▶ [THE DATA]:

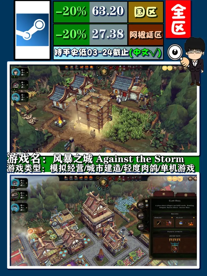 《風暴之城》,同樣是城,卻不可同論,作為一個較有深度的遊戲,老基德個人比較推薦,遊戲性相對比較耐玩,在基地建設上加入肉鴿元素,或許對新人有點不太友好,畢竟隨機性的加入勢必讓很多內容變得雲裡霧裡,同樣運氣成分的不可控性讓這款遊戲有點看臉,不過這也是快速熟悉遊戲內容的一種方式,如果你對不斷重複開局不排斥,老基德推薦你入手,價位方面去年冬促剛入新史低,有所保障
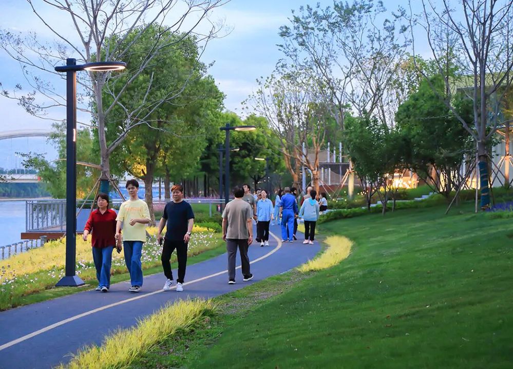 在這里,水清、岸綠、景美,市民和游客置身于流動(dòng)的生態(tài)畫卷,休閑娛樂、放飛自我、流連忘返,共享綠意盎然的濱水步道,感受歷史與現(xiàn)代的交融、自然與人文的共鳴。
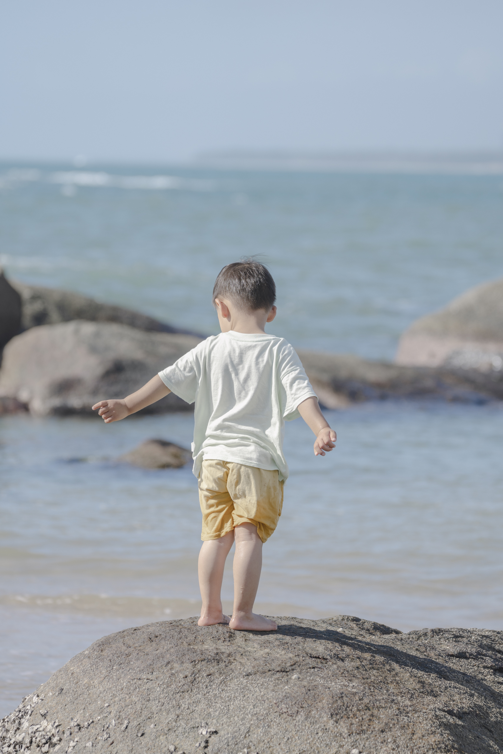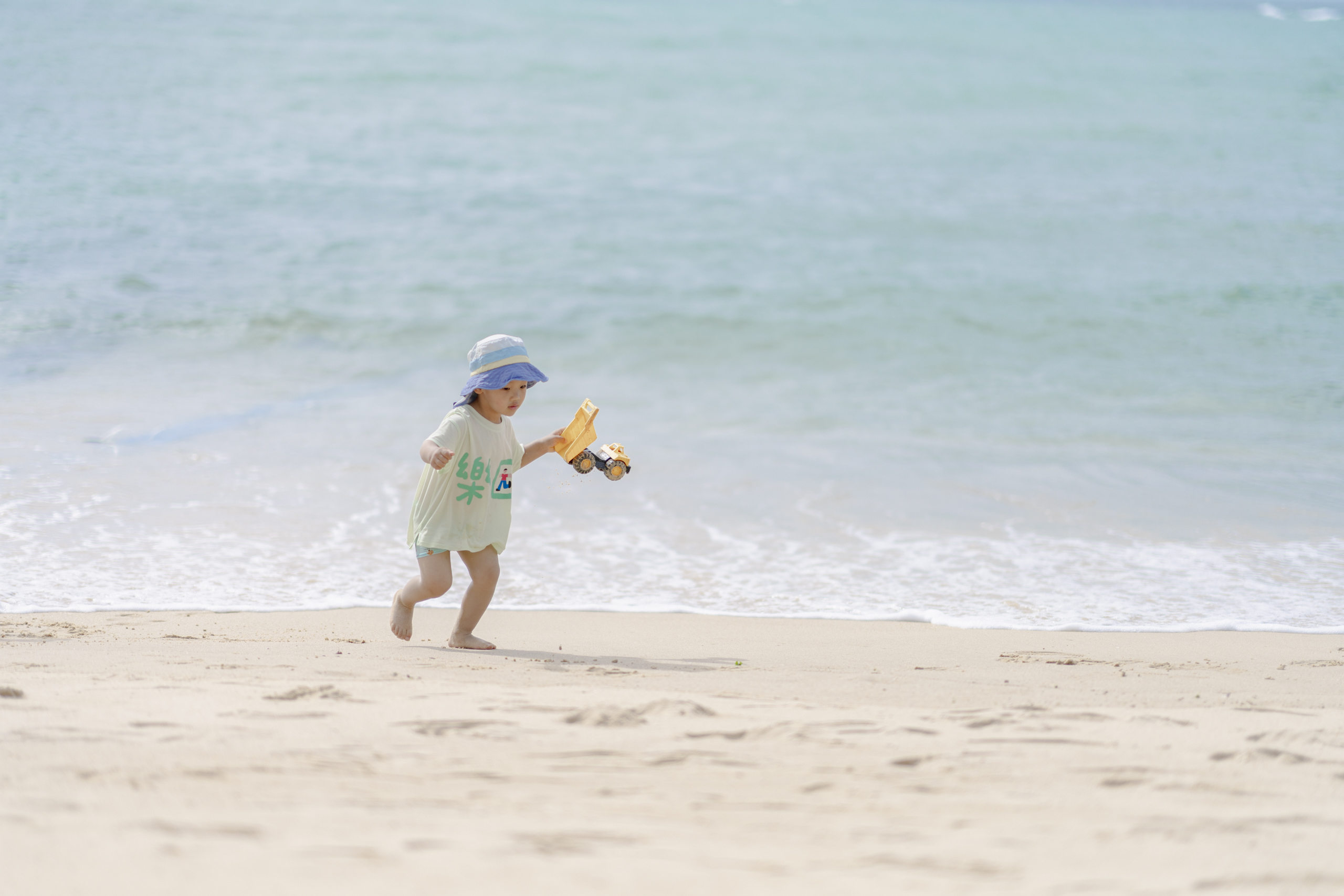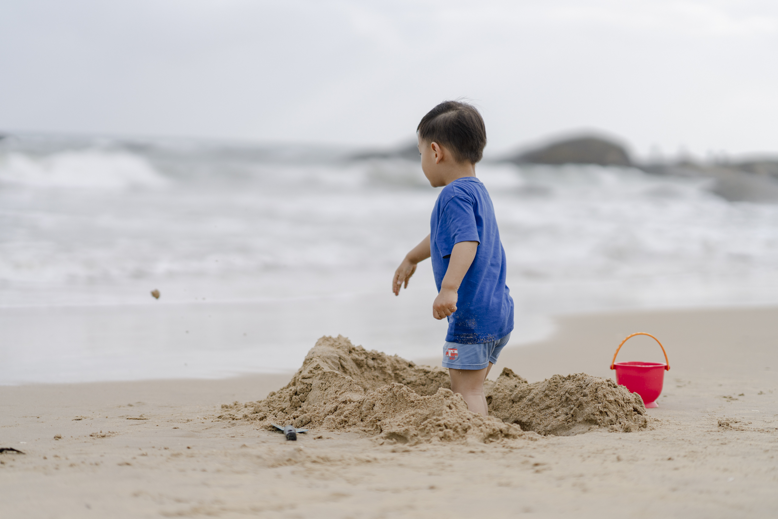 带小万万走过沙滩,他很兴奋,开始挖坑。我拉着他来到海边,想让他感受一下海水冲到脚上,结果海浪的轰鸣声把他吓哭了,之后就再也不肯接近水了。他就是这样一个敏感的孩子,看着旁边一个比他小的小妹妹跟父母踩水踩得不亦乐乎,他也无动于衷,还是远离海水,自己挖坑。小羽用小水桶提水,让他过去拿,海浪一冲过来他就跑😂。

▶ [PROBLEM]: The complete listing must be transcribed verbatim, and all pictures are to be omitted.

▶ [ANSWER TO THIS TASK]:
 《風暴之城》,同樣是城,卻不可同論,作為一個較有深度的遊戲,老基德個人比較推薦,遊戲性相對比較耐玩,在基地建設上加入肉鴿元素,或許對新人有點不太友好,畢竟隨機性的加入勢必讓很多內容變得雲裡霧裡,同樣運氣成分的不可控性讓這款遊戲有點看臉,不過這也是快速熟悉遊戲內容的一種方式,如果你對不斷重複開局不排斥,老基德推薦你入手,價位方面去年冬促剛入新史低,有所保障
 在這里,水清、岸綠、景美,市民和游客置身于流動(dòng)的生態(tài)畫卷,休閑娛樂、放飛自我、流連忘返,共享綠意盎然的濱水步道,感受歷史與現(xiàn)代的交融、自然與人文的共鳴。
 带小万万走过沙滩,他很兴奋,开始挖坑。我拉着他来到海边,想让他感受一下海水冲到脚上,结果海浪的轰鸣声把他吓哭了,之后就再也不肯接近水了。他就是这样一个敏感的孩子,看着旁边一个比他小的小妹妹跟父母踩水踩得不亦乐乎,他也无动于衷,还是远离海水,自己挖坑。小羽用小水桶提水,让他过去拿,海浪一冲过来他就跑😂。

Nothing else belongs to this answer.